## [PROBLEM REQUIREMENTS]
All entries need to be written out again exactly, without their pictures.

## [EXCERPTED DATA]
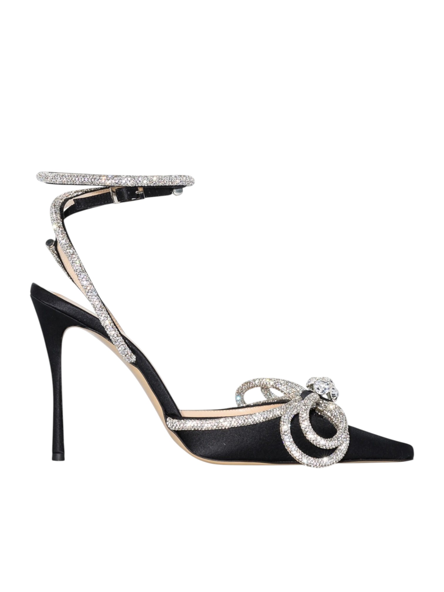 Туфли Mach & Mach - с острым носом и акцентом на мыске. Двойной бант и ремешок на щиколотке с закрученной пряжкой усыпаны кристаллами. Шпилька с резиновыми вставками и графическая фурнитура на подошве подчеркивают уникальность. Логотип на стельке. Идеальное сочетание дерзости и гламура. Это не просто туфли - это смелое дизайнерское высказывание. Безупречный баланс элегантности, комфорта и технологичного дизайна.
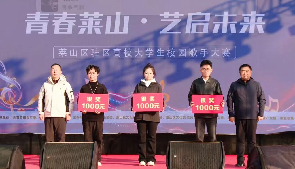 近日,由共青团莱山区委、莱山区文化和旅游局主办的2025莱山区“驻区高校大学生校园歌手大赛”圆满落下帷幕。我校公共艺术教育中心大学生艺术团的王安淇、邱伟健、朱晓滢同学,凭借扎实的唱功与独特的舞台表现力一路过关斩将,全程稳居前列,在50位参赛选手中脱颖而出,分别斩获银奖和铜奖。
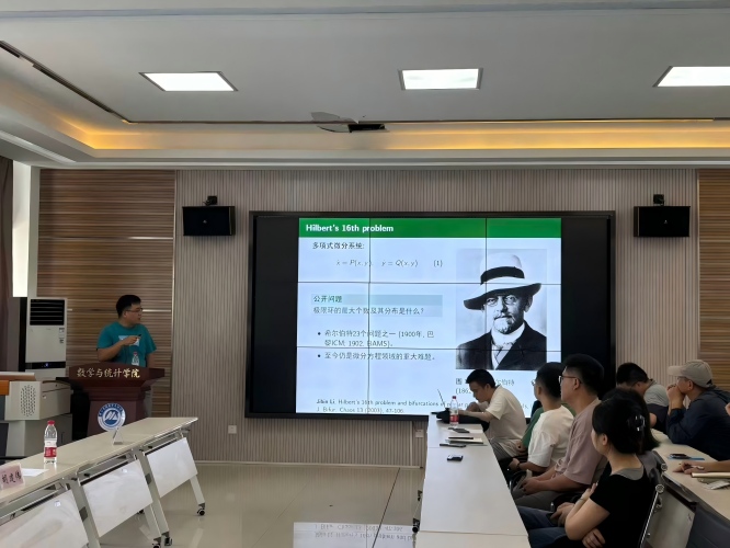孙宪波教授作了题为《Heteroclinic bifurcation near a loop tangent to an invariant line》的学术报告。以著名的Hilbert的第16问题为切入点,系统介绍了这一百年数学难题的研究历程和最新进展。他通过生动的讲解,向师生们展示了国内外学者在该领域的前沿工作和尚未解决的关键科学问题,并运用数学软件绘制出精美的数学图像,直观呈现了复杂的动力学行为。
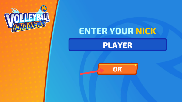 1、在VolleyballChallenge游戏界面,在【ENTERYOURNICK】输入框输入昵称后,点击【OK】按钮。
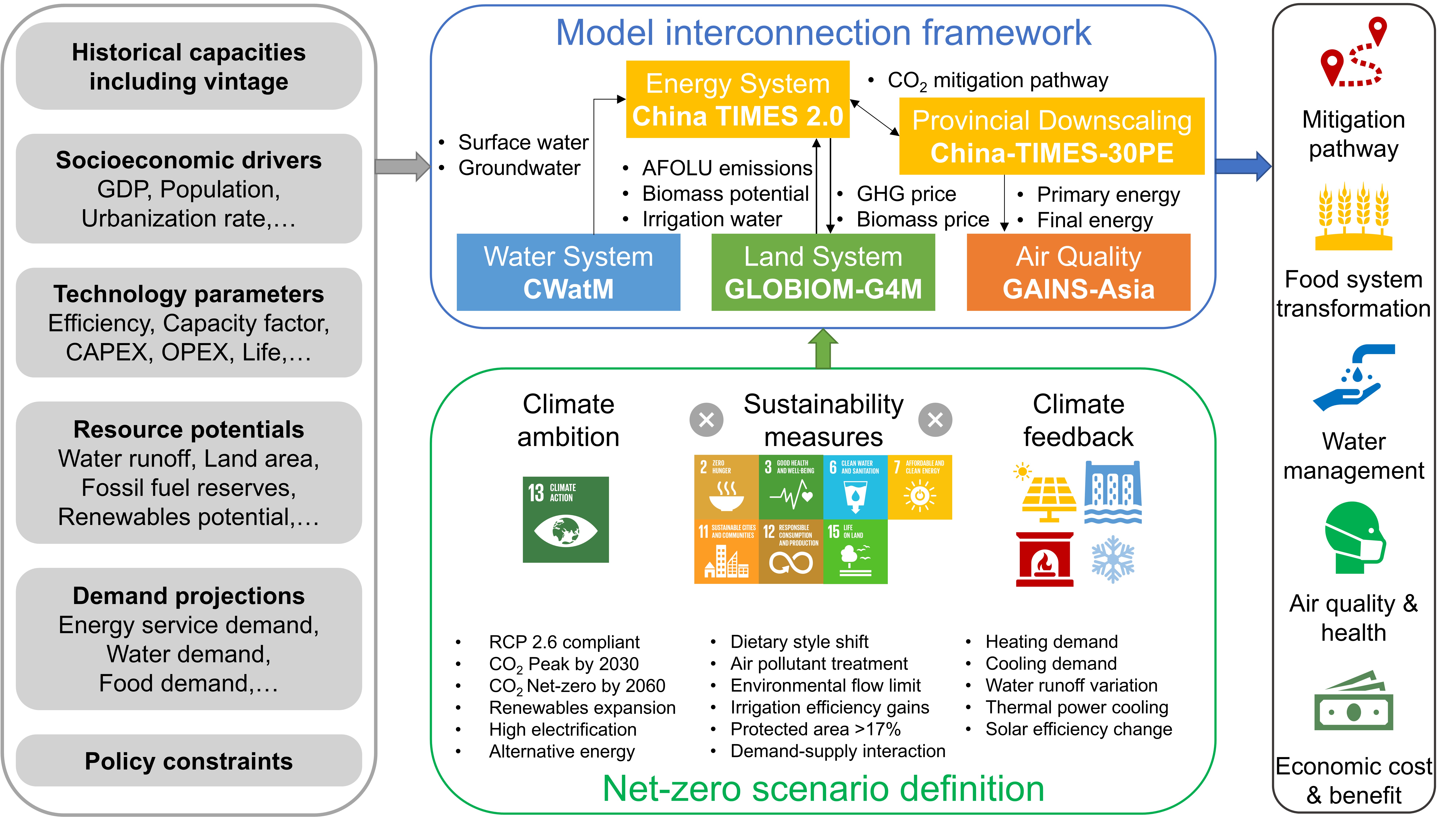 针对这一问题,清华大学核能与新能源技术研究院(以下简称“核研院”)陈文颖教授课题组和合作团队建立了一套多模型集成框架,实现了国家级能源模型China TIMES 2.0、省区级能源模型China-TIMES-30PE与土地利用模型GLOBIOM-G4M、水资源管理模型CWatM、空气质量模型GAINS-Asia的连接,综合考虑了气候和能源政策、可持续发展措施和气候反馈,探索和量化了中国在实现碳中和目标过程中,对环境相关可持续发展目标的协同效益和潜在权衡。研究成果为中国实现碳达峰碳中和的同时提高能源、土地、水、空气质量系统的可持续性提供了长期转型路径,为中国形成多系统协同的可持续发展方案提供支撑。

## [REPLY]
 Туфли Mach & Mach - с острым носом и акцентом на мыске. Двойной бант и ремешок на щиколотке с закрученной пряжкой усыпаны кристаллами. Шпилька с резиновыми вставками и графическая фурнитура на подошве подчеркивают уникальность. Логотип на стельке. Идеальное сочетание дерзости и гламура. Это не просто туфли - это смелое дизайнерское высказывание. Безупречный баланс элегантности, комфорта и технологичного дизайна.
 近日,由共青团莱山区委、莱山区文化和旅游局主办的2025莱山区“驻区高校大学生校园歌手大赛”圆满落下帷幕。我校公共艺术教育中心大学生艺术团的王安淇、邱伟健、朱晓滢同学,凭借扎实的唱功与独特的舞台表现力一路过关斩将,全程稳居前列,在50位参赛选手中脱颖而出,分别斩获银奖和铜奖。
孙宪波教授作了题为《Heteroclinic bifurcation near a loop tangent to an invariant line》的学术报告。以著名的Hilbert的第16问题为切入点,系统介绍了这一百年数学难题的研究历程和最新进展。他通过生动的讲解,向师生们展示了国内外学者在该领域的前沿工作和尚未解决的关键科学问题,并运用数学软件绘制出精美的数学图像,直观呈现了复杂的动力学行为。
 1、在VolleyballChallenge游戏界面,在【ENTERYOURNICK】输入框输入昵称后,点击【OK】按钮。
 针对这一问题,清华大学核能与新能源技术研究院(以下简称“核研院”)陈文颖教授课题组和合作团队建立了一套多模型集成框架,实现了国家级能源模型China TIMES 2.0、省区级能源模型China-TIMES-30PE与土地利用模型GLOBIOM-G4M、水资源管理模型CWatM、空气质量模型GAINS-Asia的连接,综合考虑了气候和能源政策、可持续发展措施和气候反馈,探索和量化了中国在实现碳中和目标过程中,对环境相关可持续发展目标的协同效益和潜在权衡。研究成果为中国实现碳达峰碳中和的同时提高能源、土地、水、空气质量系统的可持续性提供了长期转型路径,为中国形成多系统协同的可持续发展方案提供支撑。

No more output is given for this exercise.